Restate the following data in its entirety, word for word and without images.

_Given information_:
....
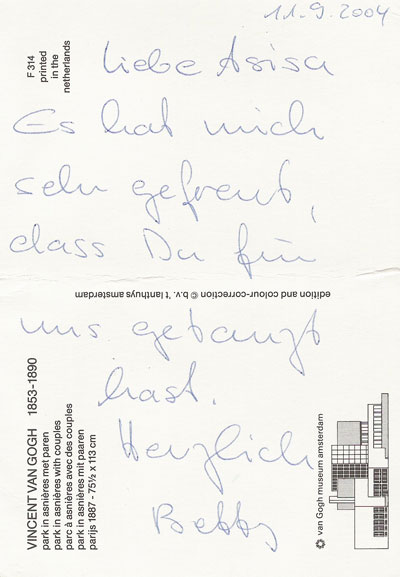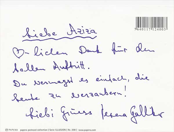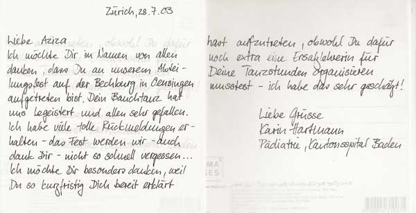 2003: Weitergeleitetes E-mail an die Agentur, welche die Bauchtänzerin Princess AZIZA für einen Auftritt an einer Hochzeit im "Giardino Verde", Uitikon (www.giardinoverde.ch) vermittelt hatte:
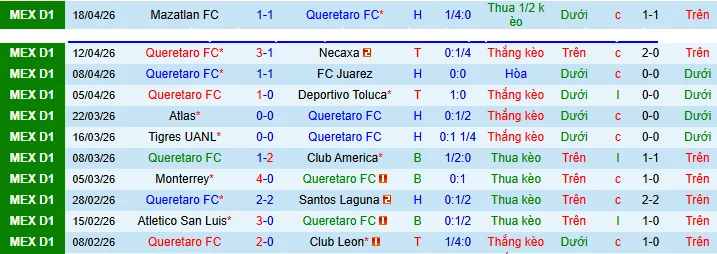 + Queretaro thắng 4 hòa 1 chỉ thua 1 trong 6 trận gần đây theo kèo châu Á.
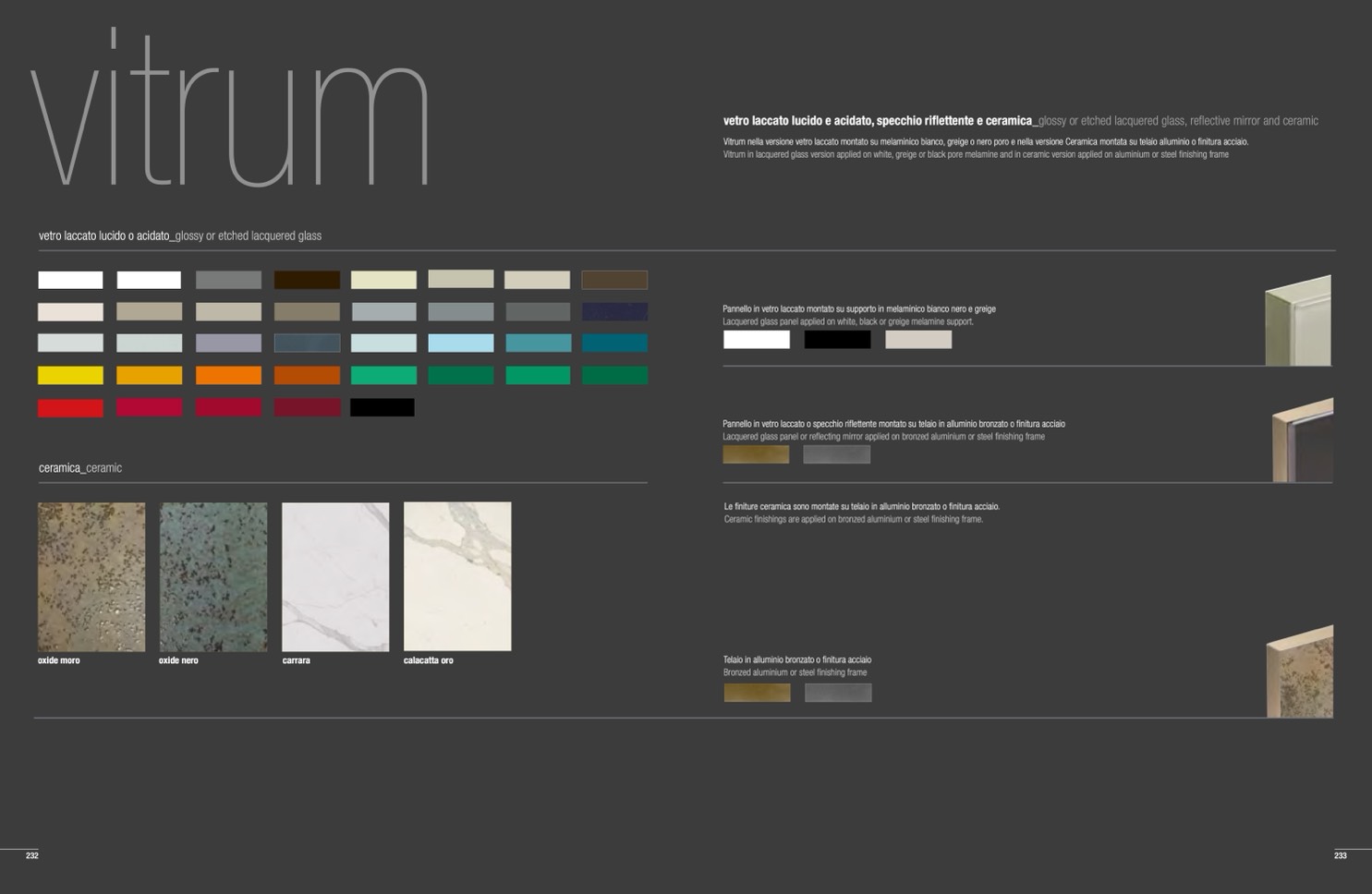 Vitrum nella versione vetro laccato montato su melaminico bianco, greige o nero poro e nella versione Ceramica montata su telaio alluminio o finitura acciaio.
....
_Task answer_:
 2003: Weitergeleitetes E-mail an die Agentur, welche die Bauchtänzerin Princess AZIZA für einen Auftritt an einer Hochzeit im "Giardino Verde", Uitikon (www.giardinoverde.ch) vermittelt hatte:
 + Queretaro thắng 4 hòa 1 chỉ thua 1 trong 6 trận gần đây theo kèo châu Á.
 Vitrum nella versione vetro laccato montato su melaminico bianco, greige o nero poro e nella versione Ceramica montata su telaio alluminio o finitura acciaio.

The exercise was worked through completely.